**PROBLEM DESCRIPTION**
Once the line with "Continuously the team" is found, write it out along with every line after it, exactly, up to the last line of the entries below. Exclude pictures.

**INPUT DATA**
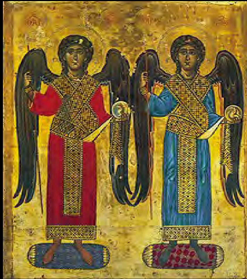
Orthodox icon from Saint Catherine's Monastery, representing the archangels Michael and Gabriel. Along with Rafael counted as archangels of Jews, Christians and Muslims.
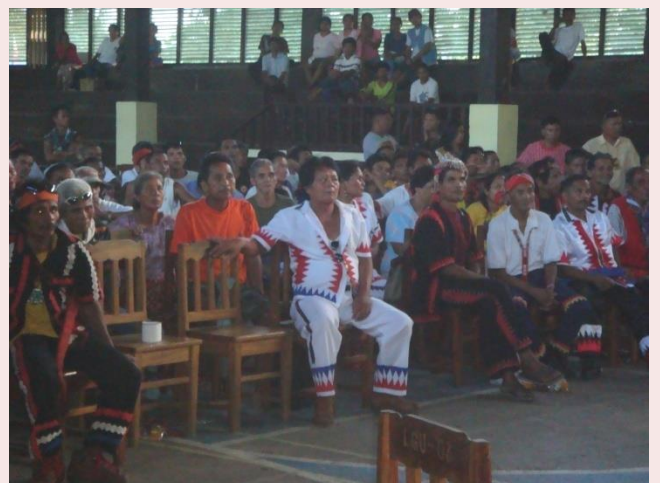
Continuously the team informed the local members of the tribe of what is to be expected for the next day's activities.
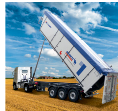
Arc-shaped roller tarpaulin for easier handling. The tarpaulin is closed from the ground using the long middle tensioning belt.
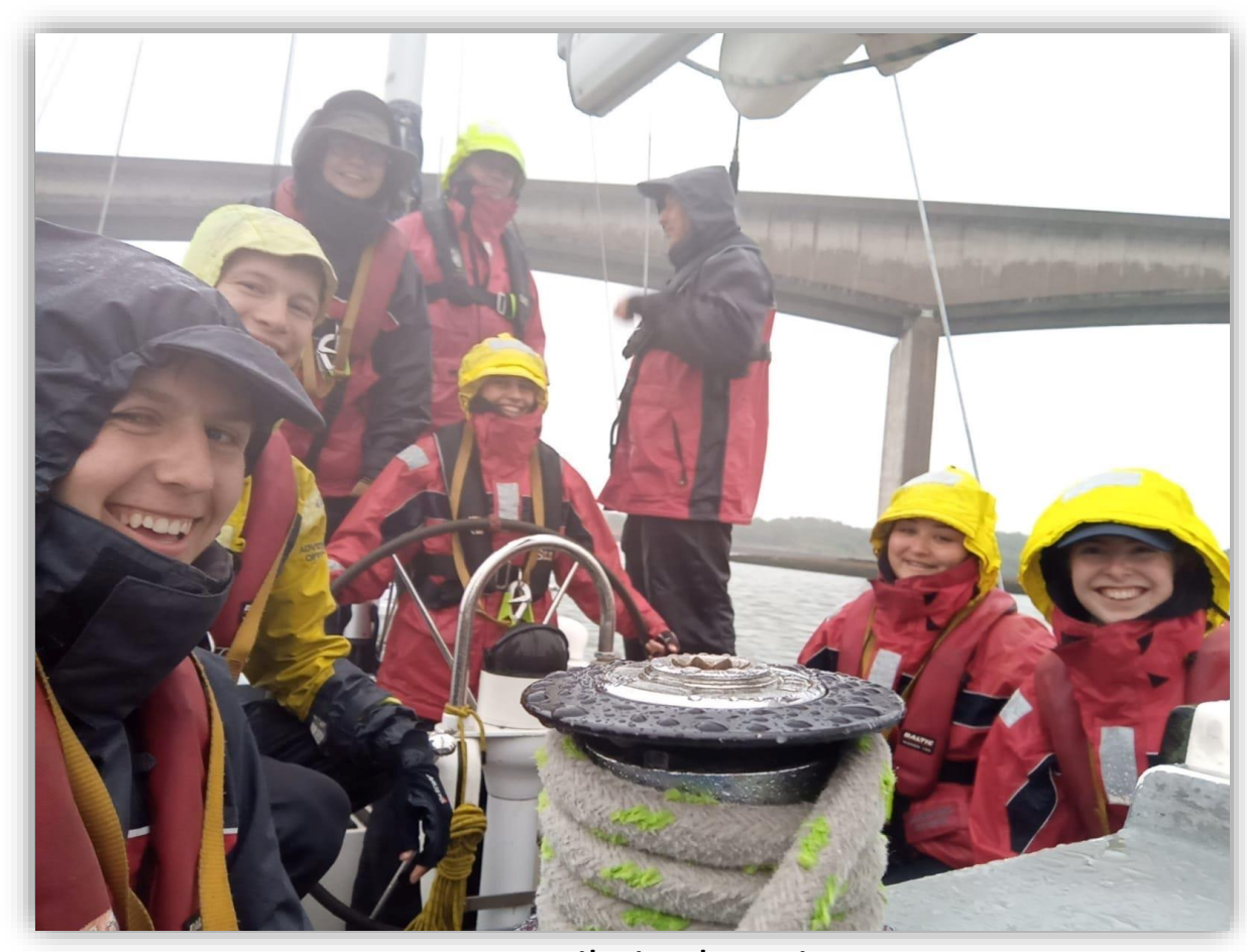
We smile in the rain
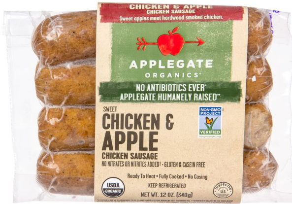
APPLEGATE CHICKEN SAUSAGE
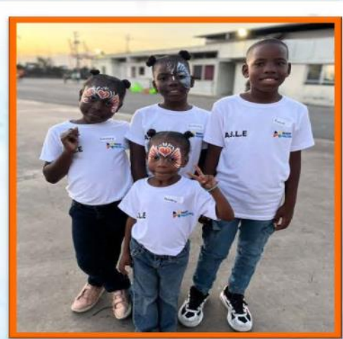
Newsletter - Eastern Canada and the Caribbean District
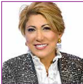
Inner Circle Executive National Sales Director
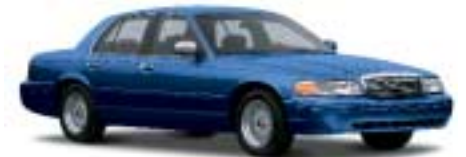
DEEP WEDGEWOOD BLUE METALLIC
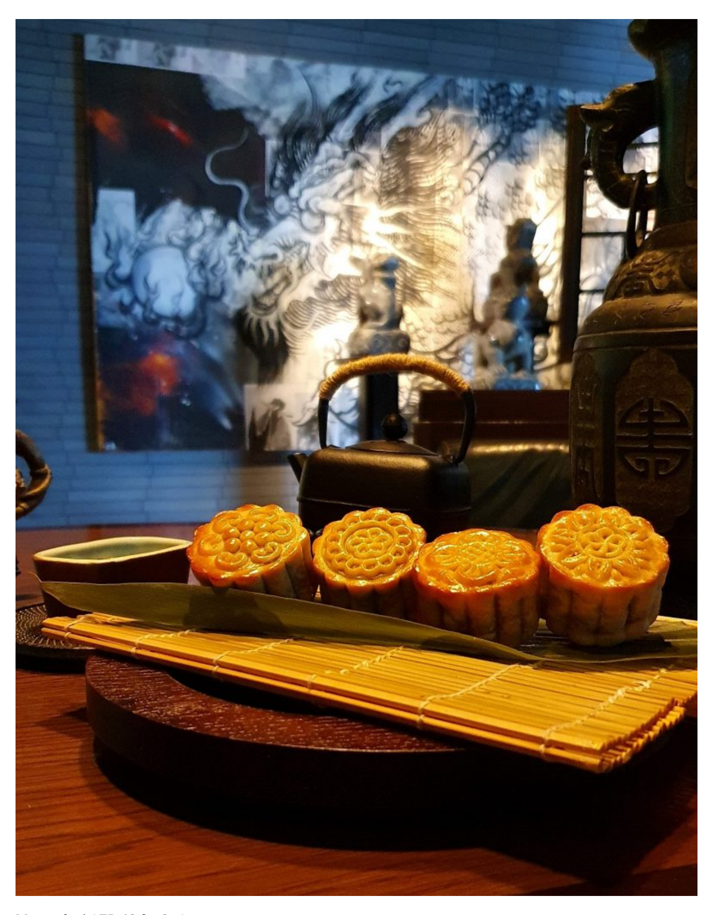
Mooncake | AED 48 for 2 pieces
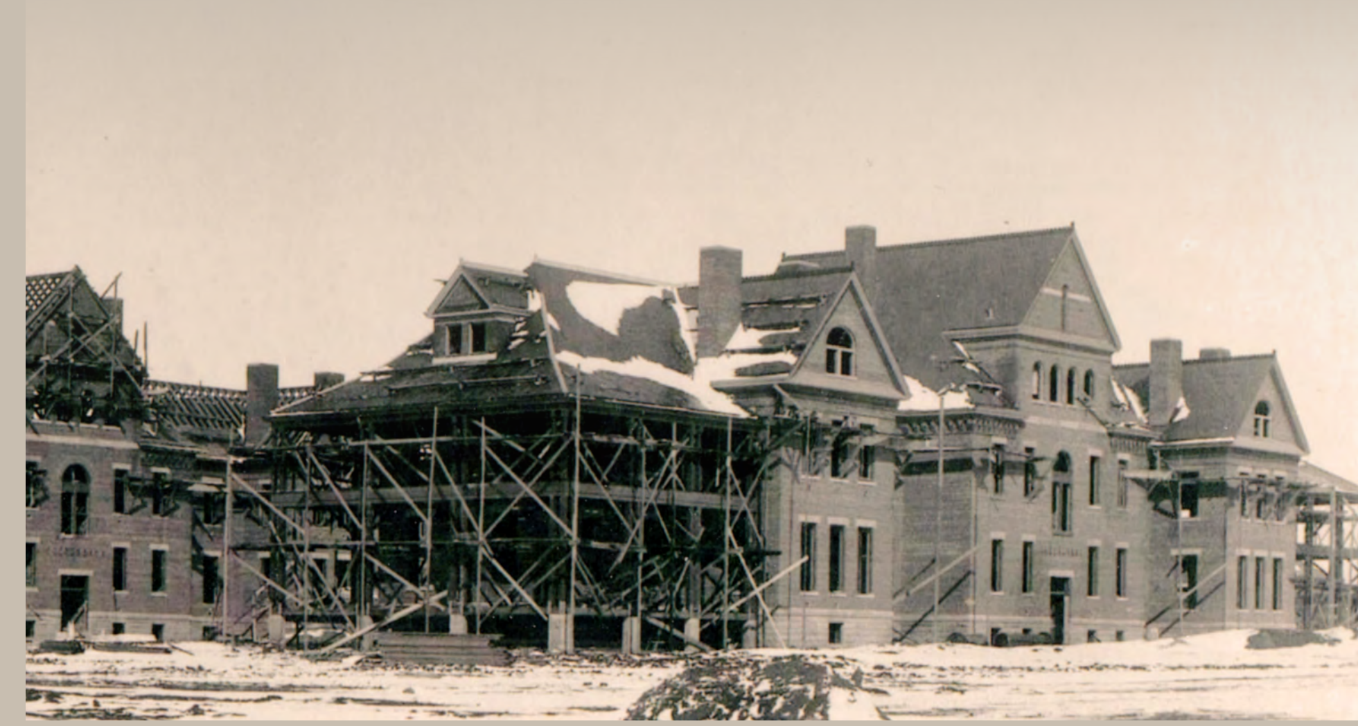
National Home barracks under construction, March 1898.

The home's sprawling 325-acre campus included every facility that aging veterans might require. The men lived in barracks and dined in a mess hall. Protestant and Catholic chapels served spiritual needs. The sick were treated in a hospital.

**EXPECTED ANSWER**
Continuously the team informed the local members of the tribe of what is to be expected for the next day's activities.
Arc-shaped roller tarpaulin for easier handling. The tarpaulin is closed from the ground using the long middle tensioning belt.
We smile in the rain
APPLEGATE CHICKEN SAUSAGE
Newsletter - Eastern Canada and the Caribbean District
Inner Circle Executive National Sales Director
DEEP WEDGEWOOD BLUE METALLIC
Mooncake | AED 48 for 2 pieces
National Home barracks under construction, March 1898.

The home's sprawling 325-acre campus included every facility that aging veterans might require. The men lived in barracks and dined in a mess hall. Protestant and Catholic chapels served spiritual needs. The sick were treated in a hospital.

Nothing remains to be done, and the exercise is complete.